Note: In step 2, it is recommended to percent-encode every character in a value that is not in the URI unreserved set, that is, all except alphabetic characters, decimal digits, and the following four special characters: dash(-), period (.), underscore (_), tilde (~). By this procedure some characters may be percent-encoded that do not need to be -- For example '?' occurring in a value does not need to be percent encoded, but it is safe to do so. If in doubt, percent-encode.

Examples

Consider the following parameter:

query=dc.title =/word kirkegård

The name of the parameter is "query" and the value is "dc.title =/word kirkegård"

Note that the first '=' (following "query") must not be percent encoded as it is used as a URI delimeter, it is not part of a parameter name or value. The second '=' (preceding the '/') must be percent encoded as it is part of a value.

The following characters must be percent encoded:

  • the second '=', percent encoded as %3D
  • the '/', percent encoded as %2F
  • the spaces, percent encoded as %20
  • the 'å'.   Its UTF-8 representation is C3A5, two octets, and correspondingly it is represented in a URI as two characters percent encoded as %C3%A5.

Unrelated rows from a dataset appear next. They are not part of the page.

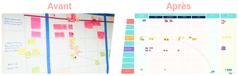 En effet, depuis plusieurs semaines, nous avions décidé de dédier un pan de mur à la matérialisation du travail quotidien de l’équipe technique à coup de ficelle, post-it, gommettes et sonnette. L’expérience étant un vrai succès, nous voulions pouvoir garder cette façon de faire très visuelle même en ces temps de crise. Notre chef de produit a donc recréé ce support via la plateforme Miro, qui est devenue un élément clé de notre télétravail. Intuitif pour que nous le prenions tous en main facilement à distance, et collaboratif, pour pouvoir travailler tous ensemble en même temps pendant les visios. Il nous a permis de maintenir une continuité dans notre organisation journalière.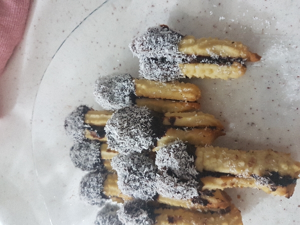Ama henüz bu ön yargılardan nasibini almamış bir çocuk size gerçek fikrini söyleyecektir. Bunları anlatıyorum çünkü bu tarif iki çocuğun olurunu almış bir tariftir. Eşiminin yeğeni Emre'yle vakit geçirdiğimiz bir gün oyun oynamak dışındaki aktivitemiz bu kurabiyeler oldu. Emrenin minik elleri kurabiyenin şekillendirme aşamasında güçsüz kalmış olsa da çikolataya ve hindistan cevizine bulama aşaması oldukça hoşuna gitti. Bu sırada bir yandan da kurabiyelerin tadına bakmaya başladı, derken yapım aşamasını bırakıp sadece kurabiye yemekle ilgilenmeye başladı.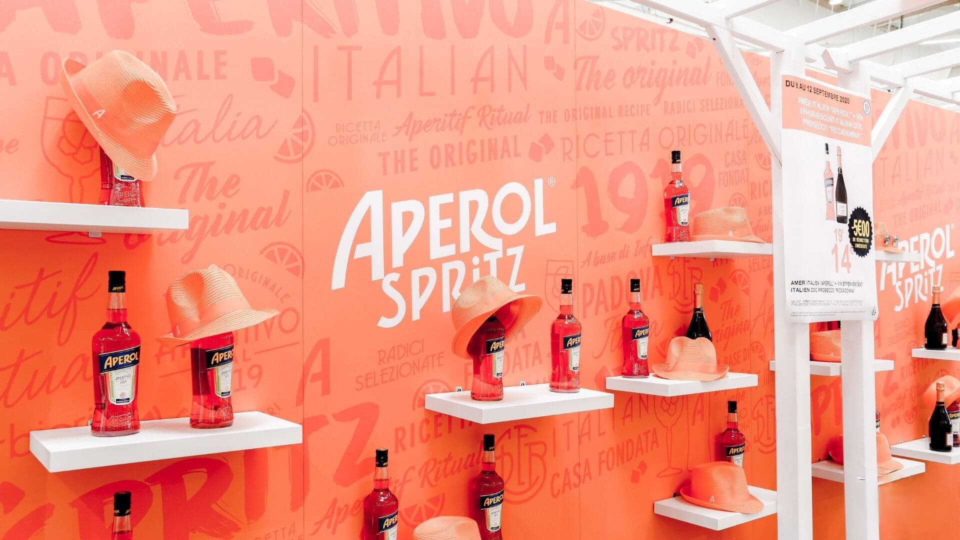 Réaliser un espace de visibilité qualitatif au cœur du magasin. En offrant aux consommateurs une expérience en point de vente avec un stand de dégustation ainsi qu’un espace détente aux couleurs d’Aperol. Tout en respectant les contraintes techniques liées au lieu.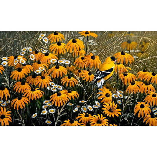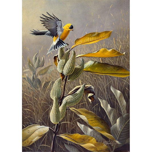 American Goldfinch Gold Ornate Wood Framed Art Print with Double Matting by Vintage Apple Collection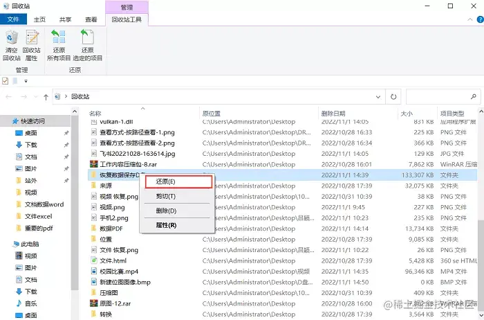 除了组合键的方法,还有什么方法吗?电脑u盘删除的文件如何恢复? 你也可以打开电脑【回收站】,找到不久前删除的u盘文件,选择好后,右键点击【还原】。

The resulting parameter to be sent to the server would then be:

query=dc.title%20%3D%2Fword%20kirkeg%C3%A5rd

Server Procedure

  1. Parse received request based on '?', '&', and '=' into component parts: the base URL, and parameter names and values.
  2. For each parameter:
    1. Decode all %-escapes.
    2. Treat the result as a UTF-8 string.

Notes:

1. RFC 1738 is obsoleted by RFC 3986. However, RFC 1738 describes the 'http:' URI scheme; RFC 3986 does not, instead indicating that a separate document will be written to do so, but it has not yet been written. So currently there is no valid, normative reference for the 'http:' URI scheme, and so the obsolete RFC 1738 is referenced. When there is a valid, normative reference, it will be listed here.

SRU VIA HTTP POST

 

Instead of constructing a URL, the parameters may be sent via POST to the server. The Content-type header MUST be set to 'application/x-www-form-urlencoded'. Compare to 'text/xml' for SRU via SOAP below, which can be used to distinguish the two transports at the same end point.

POST has several benefits over GET for transfering the request to the server. Primarily the issues with character encoding in URLs are removed, and an explicit character set can be submitted in the Content-type HTTP header. Secondly, very long queries might generate a URL for HTTP GET that is not acceptable by some web servers or client. This length restriction can be avoided by using POST.

The response for SRU via POST is identical to that of SRU via GET, an xml document.

An example of what might be passed over the wire in the request:

POST /voyager HTTP/1.1
Host: z3850.loc.gov:7090
Content-type: application/x-www-form-urlencoded; charset=iso-8859-1
Content-length: 51
version=1.1&operation=searchRetrieve&query=dinosaur

SRU VIA HTTP SOAP

(Note: "SRU via HTTP SOAP " is the former SRW)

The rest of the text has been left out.